I'm trying to find an alternative to my formula that calculates the running count of multiple values in a range.

It's returning the correct results, but the issue is it uses the volatile function OFFSET(), which I would like to avoid.

Here is the formula:

=SCAN(0,A2:A13,
LAMBDA(a,b,
IF(OFFSET(b,-1,0)=b,
a+1,1)
)
)

I have tried using INDEX() and ROW(), but I cannot replicate what OFFSET() does.

How can I alter the formula?

enter image description here

Statto
  • 410
  • 3
  • 9
  • It's not clear to me how you want to calculate the value (i.e. what does A or B equal ?) – ApplePie Mar 17 '23 at 22:53
  • 3
    Probably something like: `=SCAN(0,A1:A12=A2:A13,LAMBDA(a,b,IF(b,a+1,1)))` but not behind a pc to check if correct. Btw, this is a running count that would reset if the value changes for those wondering. – JvdV Mar 17 '23 at 23:15
  • 1
    See this https://stackoverflow.com/questions/74389341/running-count-is-slow-in-google-sheets for an entertaining discussion of this area in Google Sheets which should also be applicable to Excel including case where you don't want to reset e.g. in row 7 where A is repeated after an intervening block of B's. – Tom Sharpe Mar 18 '23 at 09:27

3 Answers3

5

Running Count

  • The trick is to compare the column with a version of the column shifted one row down. I'm using VSTACK with "" to add a new (empty) first row and DROP with -1 to get rid of the last row.
=LET(Data,A2:A13,
SCAN(0,Data=DROP(VSTACK("",Data),-1),
    LAMBDA(a,b,IF(b,a+1,1))))
VBasic2008
  • 44,888
  • 5
  • 17
  • 28
  • That works, but does it matter what the first row is? Why did you use `!|!`? – Statto Mar 18 '23 at 00:03
  • To ensure non-equality i.e. to get 1 in the first row of the result. Being a little bit paranoid.

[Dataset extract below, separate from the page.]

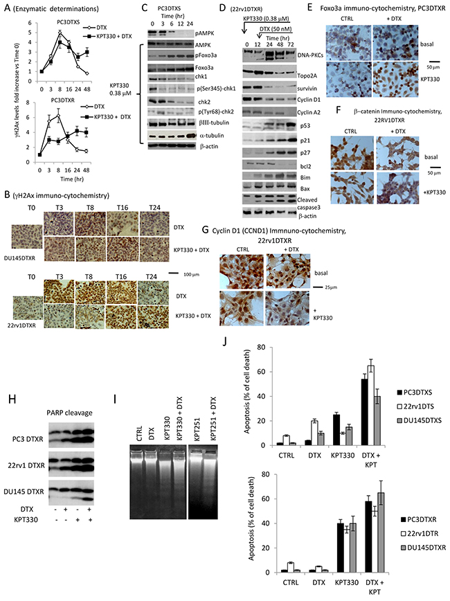 In order to demonstrate that selinexor increased DNA damage and slowed down DNA repair when used in combination with DTX, we evaluated the changes in the γH2AX expression by ELISA in PC3 DTXS and PC3 DTXR cells. This analysis levels revealed that DTX-induced DNA damage signals (such as γH2AX) could not promote complete DNA damage repair in both DTX sensitive and resistant cells after pre-treatment with selinexor (Figure 6A). Indeed, we observed, a complete return to baseline levels of γH2AX at 24 and 48 hours in single agent DTX treatment but nor when DTX was combined with selinexor. In Figure 6B we show immunocytochemical pictures performed on DU145 DTXR and 22rv1 DTXR cell strains demonstrating that in DTXR treated DU145 and 22rv1 cells γH2AX staining was significantly increased up to time 8 (T8) and later. When we considered combined treatments, γH2AX levels reached maximal values at T8-T16 in DU145DTXR cells and at T16-T24 in 22rv1DTXR. Some mitosis of culture treated with DTX and selinexor in combination are strongly γH2AX positive. These mitosis result also aberrant. Next we evaluated the expression changes in Foxo3a, Chk1 and Chk2 after KPT330 (380 nM) administration focusing our attention on PC3 DTXS cells (Figure 6C). We observed that 380 nM selinexor increased steady state levels of FOXO3 and this could be due to p-AMPK down-modulation. This effect was time dependent and maximal from 12-24 hours (Figure 6C). Selinexor was able also to reduce total and phosphorylated levels of Chk1/2 as well as reduce βIII tubulin in the presence of significant levels of α-tubulin, the major target of DTX. Combination treatments were able to modulate several proteins involved in the regulation of cell cycle (p21, p27, cyclin D1 and cyclin A2) and apoptosis (bcl2, bim, bax) inducing caspase 3 cleavage (Figure 6D). In Figure 6E we show immunocytochemical evaluation of the increase of Foxo3a after DTX and combined DTX plus selinexor treatment. Foxo3a appears to be increased mainly in the nucleus of DTX plus selinexor treated cells. Similarly we observed by immuno-cytochemistry that total and nuclear β-catenin (22rv1DTXR, Figure 6F) expression levels were significantly reduced in single DTX or selinexor administration but mainly in combined treatments. Cyclin D1 (DU145DTXR, Figure 6G) levels were increased in the nucleus of DTX treated cells but abrogated after selinexor administration alone or in combination with DTX. In addition, we observed that DTX-induced PARP1 cleavage was increased after combination with selinexor (Figure 6H) as result of a reduced or slowed down selinexor-inhibited DNA damage repair, as previously reported (reference: Ranganathan et al 2016). This finding is associated with increased DNA fragmentation (DNA laddering, Figure 6I) and apoptosis (Figure 6J). In Figure 6H we show also the effects of KPT251.
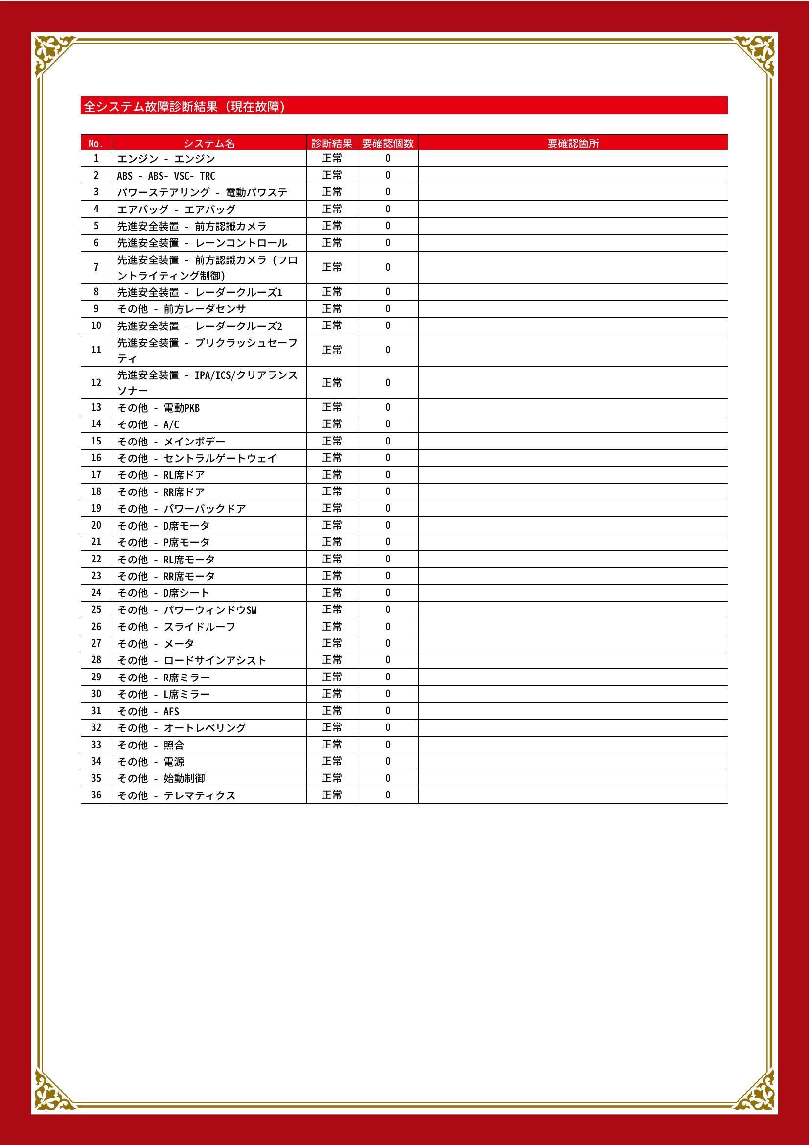 保証項目 | 3ヶ月・3000km以内ならエンジン、トランスミッション、ハイブリッド、ステアリング、ブレーキの各機構における主要項目を無償修理(または交換)いたします。 |

Just use something that can't be in the first row of the data. – VBasic2008 Mar 18 '23 at 00:04
  • I have done a few tests, and it doesn't seem to matter what it is. I've just put `""` and the results are the same. – Statto Mar 18 '23 at 00:12
  • 1
    Yeah, sorry, I'm stupid. It's either 0+1 or 1 for the first row, so you can use anything. – VBasic2008 Mar 18 '23 at 00:14
4

In short, you'd need a way to iterate an array of truthy/falsey values that would indicate the Previous value == Current value. If you are working with cell-references this is easy:

=SCAN(0,A1:A12=A2:A13,LAMBDA(a,b,IF(b,a+1,1)))

You'll end up with a running count of consecutive values that would reset accordingly.

For good measure; you can avoid the use of INDIRECT() when using SCAN(). Refer to each element's respective row/column if need be as per this example.

JvdV
  • 70,606
  • 8
  • 39
  • 70
  • My only issue with that formula is the referenced ranges `A1:A12=A2:A13` are not the same. This would be a minor inconvenience when referencing a table column, for instance. – Statto Mar 17 '23 at 23:44
  • You were literally using cell references in your sample, hence the answer @Statto. The other answer got the array alternative down if need be. – JvdV Mar 18 '23 at 00:03
4

Another way:

=LET(r,A2:A13,
SCAN(1,SEQUENCE(ROWS(r)),LAMBDA(x,y,IF(y=1,1,IF(INDEX(r,y)=INDEX(r,y-1),x+1,1)))))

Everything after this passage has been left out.